As you can see, tordanos kill the most Americans, followed by heat and flooding events. Four more: lightning, wind, cold and oceanic events make up most of the rest of fatalities.

Storms by Injuries

knitr::kable(stormInjuries[0:10,], caption = "10 Most Injurious Storms")
10 Most Injurious Storms
EVTYPE AVGINJURIES TOTALINJURIES
TORNADO 2.2820852 91450
HEAT 9.3458038 9243
WIND 0.1204837 8807
FLOOD 0.2646553 8614
LIGHTNING 0.1110886 7683
COLD 1.3146659 4742
SNOW 0.9262062 1958
RAIN 0.0645971 1802
HURRICANE 2.4905660 1716
FIRE 1.2772041 1608
ggplot(stormInjuries[0:10,], aes(x = reorder(EVTYPE, TOTALINJURIES), y = TOTALINJURIES, fill = EVTYPE)) +
        geom_bar(stat = "identity") +
        coord_flip() +  
        labs(title = "10 Most Injurious Storms",
                x = "Storm",
                y = "Total Injuries") +
        theme_minimal() +
        theme(axis.text.x = element_text(angle = 45, hjust = 1))
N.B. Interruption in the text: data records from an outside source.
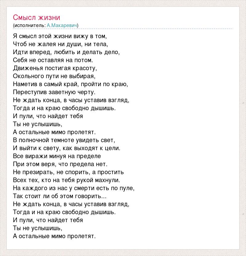 Я смысл этой жизни вижу в том, Чтоб не жалея ни души, ни тела, Идти вперед, любить и делать дело, Себя не оставляя на потом. Движенья постигая красоту, Окольного пути не выбирая, Наметив в самый край, пройти по краю, Переступив заветную черту. Не ждать конца, в часы уставив взгляд, Тогда и на краю свободно дышишь. И пули, что найдет тебя Ты не услышишь, А остальные мимо пролетят. В полночной темноте увидеть свет, И выйти к свету, как выходят к цели. Все виражи минуя на пределе При этом веря, что предела нет. Не презирать, не спорить, а простить Всех тех, кто на тебя рукой махнули. На каждого из нас у смерти есть по пуле, Так стоит ли об этом говорить... Не ждать конца, в часы уставив взгляд, Тогда и на краю свободно дышишь. И пули, что найдет тебя Ты не услышишь, А остальные мимо пролетят.
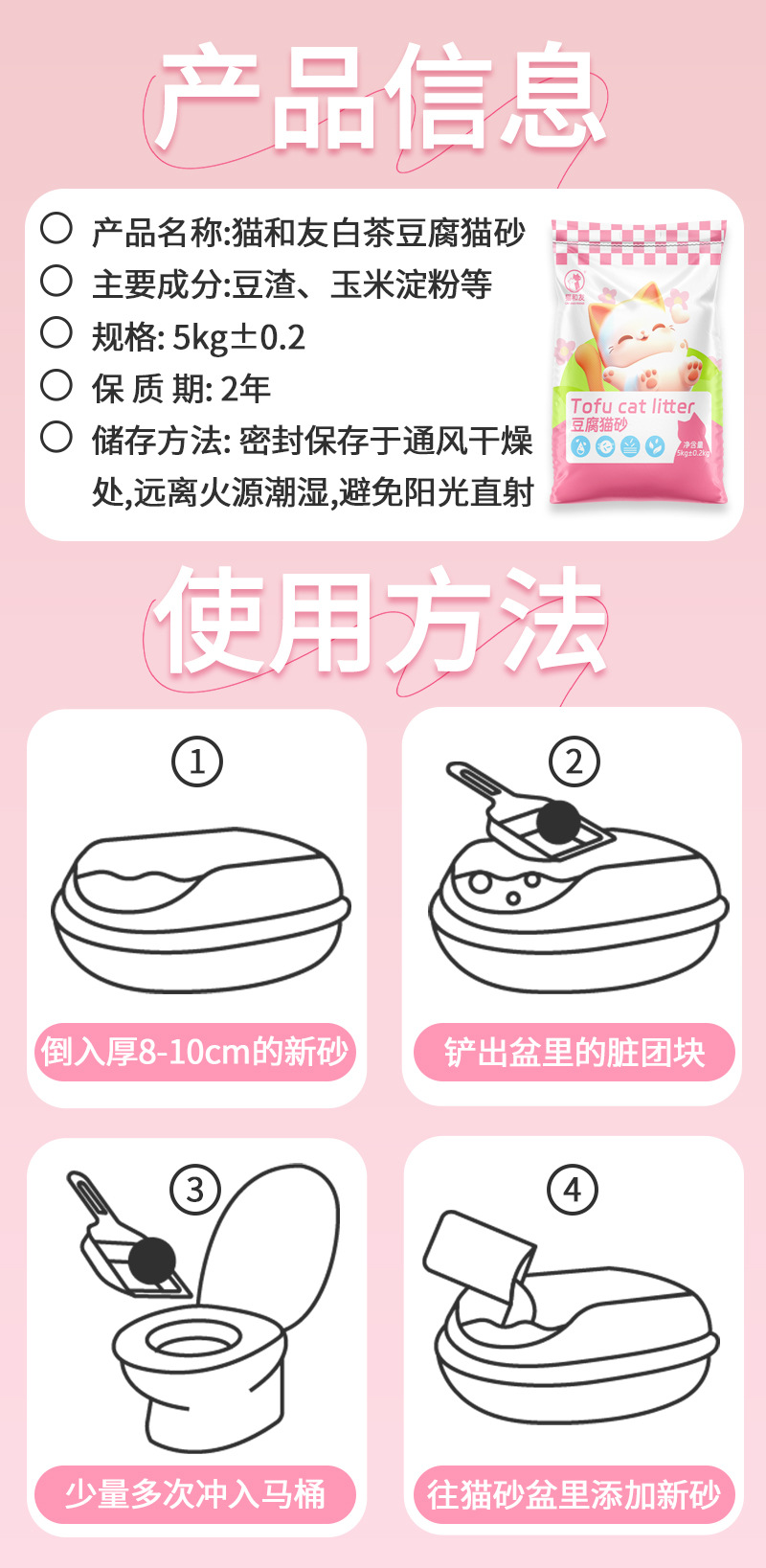 • 【백차맛】혼합 고양이 모래 2kg
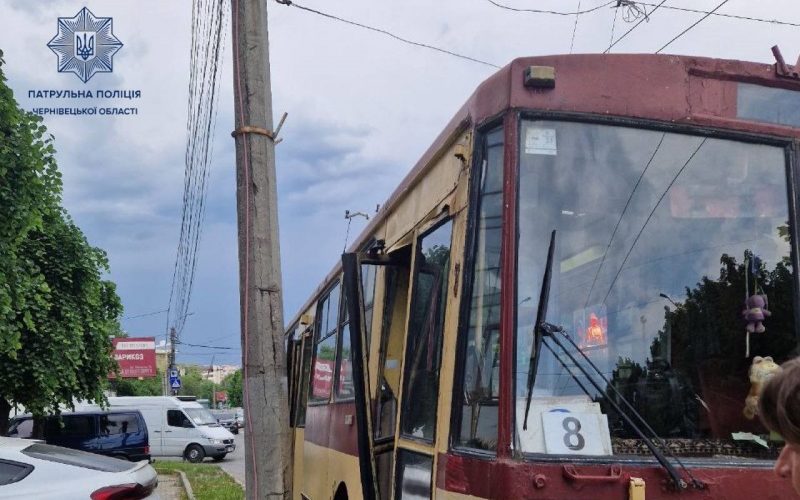 У ДТП в Чернівцях водій авто зіткнувся з тролейбусом, через що другий в’їхав у електроопору
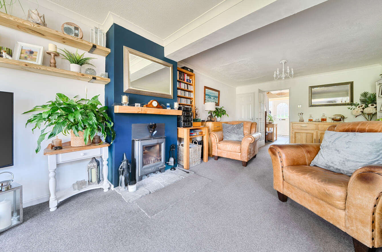The main sitting room forms the heart of the home and offers an impressive open space for day to day living, gathering with family, and entertaining. A wood burning stove creates a natural focal point, while doors opening directly onto the garden help connect the inside. The proportions of this room give it a versatile feel, allowing space for both seating and dining if required
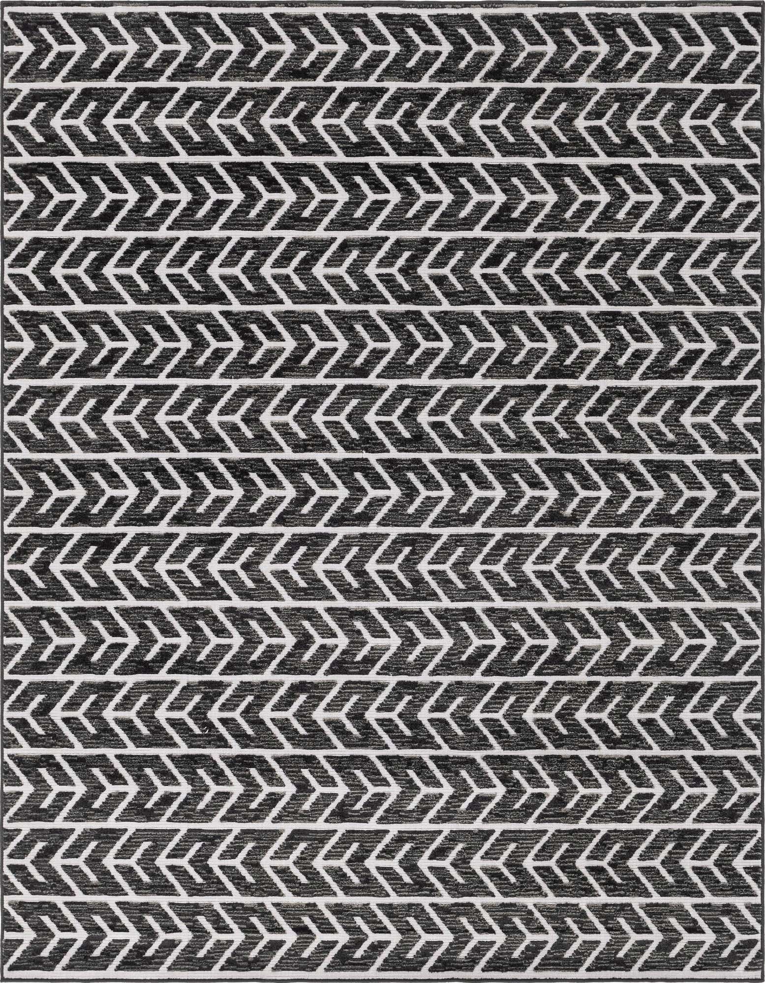 The Sabrina Soto Outdoor 8x10 area rug is a modern, machine-woven piece crafted from 100% polypropylene. This rug features a dynamic geometric pattern that creates a sense of movement and interest on the floor space. The sharp contrast of black and ivory lends itself to a bold statement within an array of design schemes.
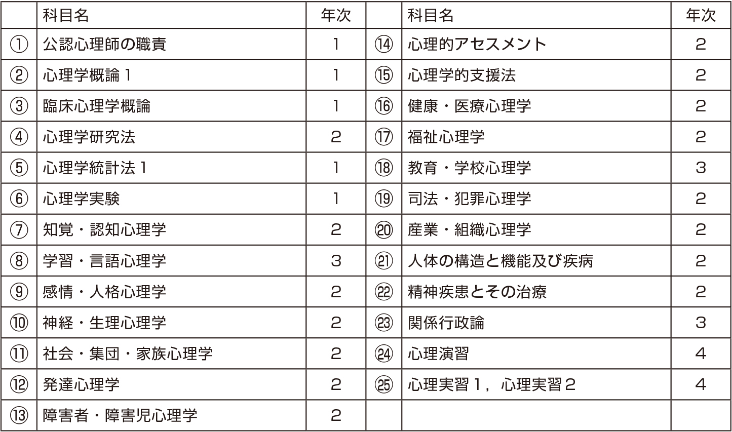 公認心理師法が定める「大学における公認心理師となるために必要な科目」として、本学が開講する科目は、以下の25科目です(ただし、「心理実習1」及び「心理実習2」は両科目とも履修及び単位修得が必要です)。また、科目名の隣の「年次」の欄に記載されている数字が、その科目が開講される学年です。公認心理師の資格取得を目指す方は、以下の一覧を参考にして、計画的に履修しましょう。
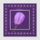 The fine art photography artwork features a portrait of a blooming pink spring flower, highlighting beautiful details of the floral petals and sepals, on a purple background. The photograph represents the soft beauty of spring blossoms.

Similar results for injuries as seen for flooding, with tornadoes causing the most damage

Costliest Storms

knitr::kable(stormCost[0:10,], caption = "10 Costliest Storms")
10 Costliest Storms
EVTYPE AVGCOST TOTALCOST
AVALANCHE 32302.96 8721800
COLD 5413232.37 19525529161
DENSE FOG 130729.73 9674000
DROUGHT 43551940.87 15025419600
DUST STORM 83970.87 8649000
FIRE 7073002.49 8904910130
FLOOD 5670187.33 184553257197
FOG 122948.60 13155500
FUNNEL CLOUD 14969.23 194600
HEAT 935091.03 924805030
costliestStorms <- stormCost[0:10, ]
        ggplot(stormCost[0:10, ], aes(x = reorder(EVTYPE, TOTALCOST), y = TOTALCOST, fill = EVTYPE)) +
        geom_bar(stat = "identity") +
        coord_flip() +  
        labs(title = "10 Costliest Storms",
                x = "Storm",
                y = "Total Cost ($)") +
        theme_minimal() +
        theme(axis.text.x = element_text(angle = 45, hjust = 1))

We see that flooding is by far the costliest storm type. Almost to an extenct that others do not matter.